• _What you are asked to do_
Look through the records and copy each line that has "from" in it.

• _Extracted entries_
★ ★ ★ ★ ★
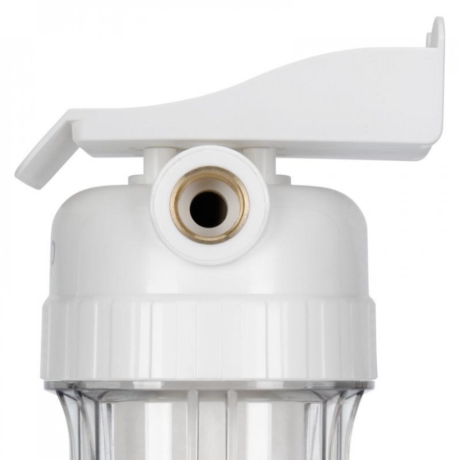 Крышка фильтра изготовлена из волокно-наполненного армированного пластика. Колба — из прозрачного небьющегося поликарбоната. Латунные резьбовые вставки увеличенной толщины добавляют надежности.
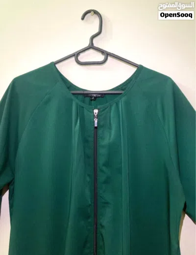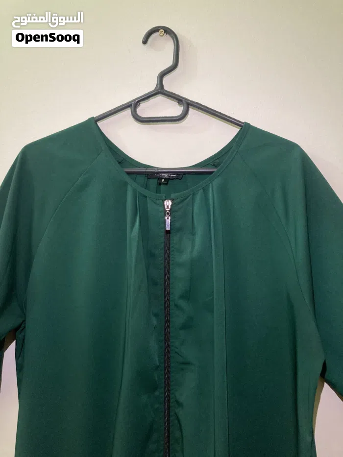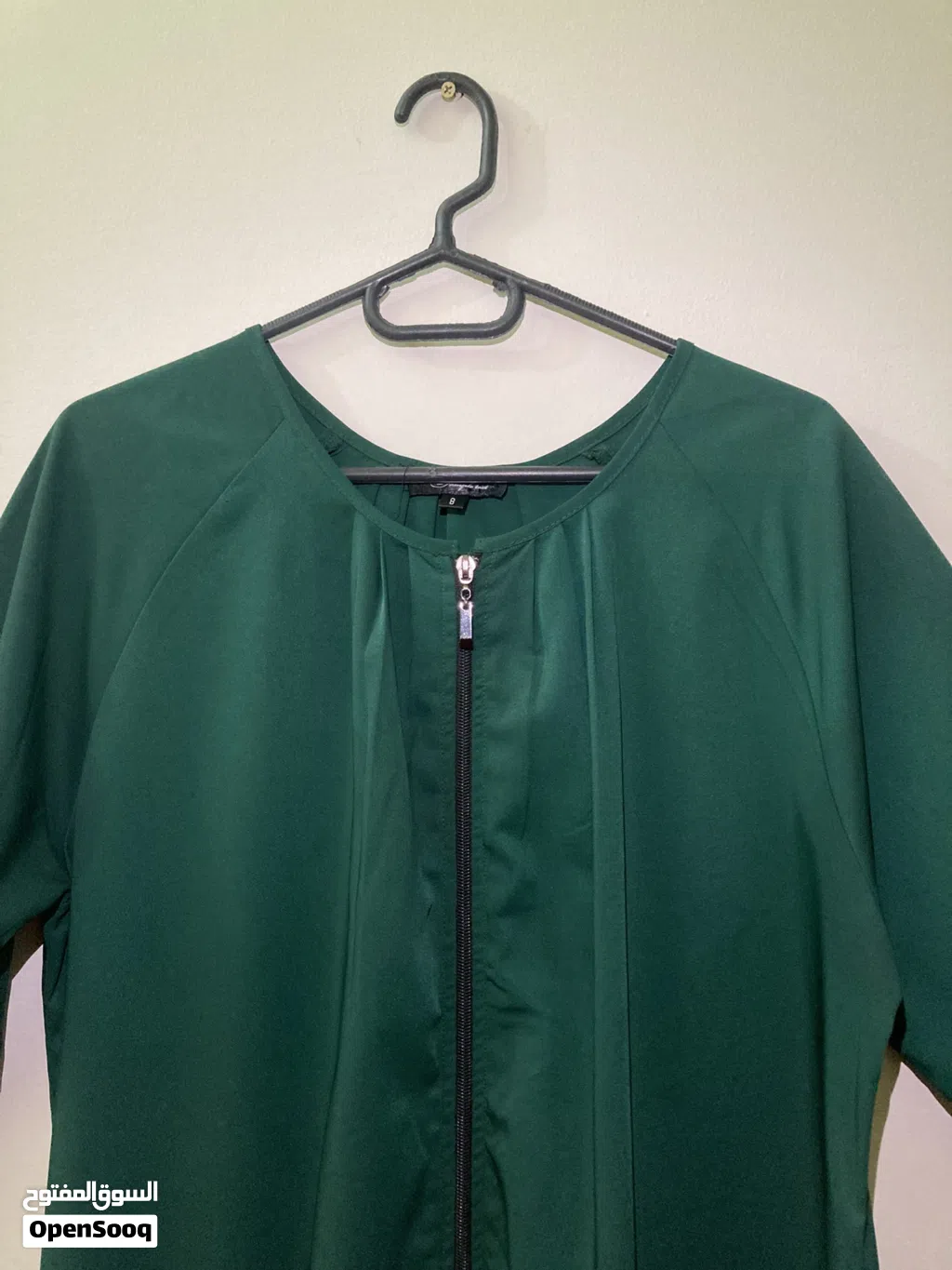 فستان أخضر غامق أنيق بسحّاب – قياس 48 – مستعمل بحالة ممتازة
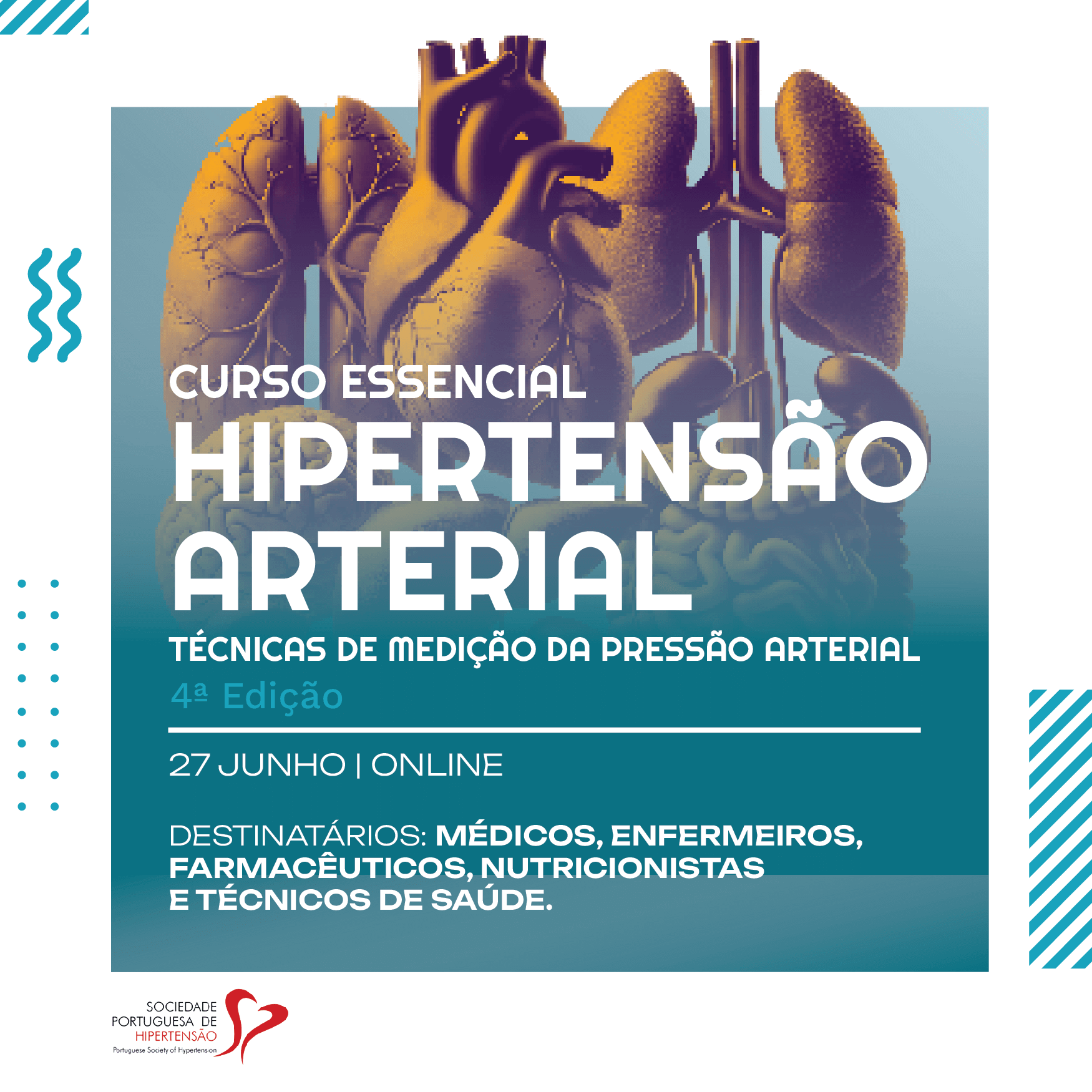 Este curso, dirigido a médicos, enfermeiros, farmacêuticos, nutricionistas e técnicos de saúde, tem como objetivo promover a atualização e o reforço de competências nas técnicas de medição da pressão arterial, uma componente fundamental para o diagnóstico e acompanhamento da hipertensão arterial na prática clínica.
★ ★ ★ ★ ★
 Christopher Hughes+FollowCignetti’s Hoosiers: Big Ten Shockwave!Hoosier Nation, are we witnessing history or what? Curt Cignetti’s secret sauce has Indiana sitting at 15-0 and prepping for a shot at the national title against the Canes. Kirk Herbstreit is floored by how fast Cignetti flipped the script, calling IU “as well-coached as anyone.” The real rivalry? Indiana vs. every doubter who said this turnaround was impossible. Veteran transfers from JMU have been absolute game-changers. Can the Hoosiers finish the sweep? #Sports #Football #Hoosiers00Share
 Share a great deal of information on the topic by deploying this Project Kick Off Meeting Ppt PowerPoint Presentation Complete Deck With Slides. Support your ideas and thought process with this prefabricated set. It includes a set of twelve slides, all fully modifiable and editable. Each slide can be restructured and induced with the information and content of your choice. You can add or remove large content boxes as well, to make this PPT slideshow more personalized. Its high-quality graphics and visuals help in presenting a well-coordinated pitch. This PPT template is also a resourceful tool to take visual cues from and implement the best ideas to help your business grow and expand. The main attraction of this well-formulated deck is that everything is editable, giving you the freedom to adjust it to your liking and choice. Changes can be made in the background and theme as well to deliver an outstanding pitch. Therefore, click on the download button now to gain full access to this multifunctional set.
★ ★ ★ ★ ★
• _Answer to this exercise_
 Christopher Hughes+FollowCignetti’s Hoosiers: Big Ten Shockwave!Hoosier Nation, are we witnessing history or what? Curt Cignetti’s secret sauce has Indiana sitting at 15-0 and prepping for a shot at the national title against the Canes. Kirk Herbstreit is floored by how fast Cignetti flipped the script, calling IU “as well-coached as anyone.” The real rivalry? Indiana vs. every doubter who said this turnaround was impossible. Veteran transfers from JMU have been absolute game-changers. Can the Hoosiers finish the sweep? #Sports #Football #Hoosiers00Share
 Share a great deal of information on the topic by deploying this Project Kick Off Meeting Ppt PowerPoint Presentation Complete Deck With Slides. Support your ideas and thought process with this prefabricated set. It includes a set of twelve slides, all fully modifiable and editable. Each slide can be restructured and induced with the information and content of your choice. You can add or remove large content boxes as well, to make this PPT slideshow more personalized. Its high-quality graphics and visuals help in presenting a well-coordinated pitch. This PPT template is also a resourceful tool to take visual cues from and implement the best ideas to help your business grow and expand. The main attraction of this well-formulated deck is that everything is editable, giving you the freedom to adjust it to your liking and choice. Changes can be made in the background and theme as well to deliver an outstanding pitch. Therefore, click on the download button now to gain full access to this multifunctional set.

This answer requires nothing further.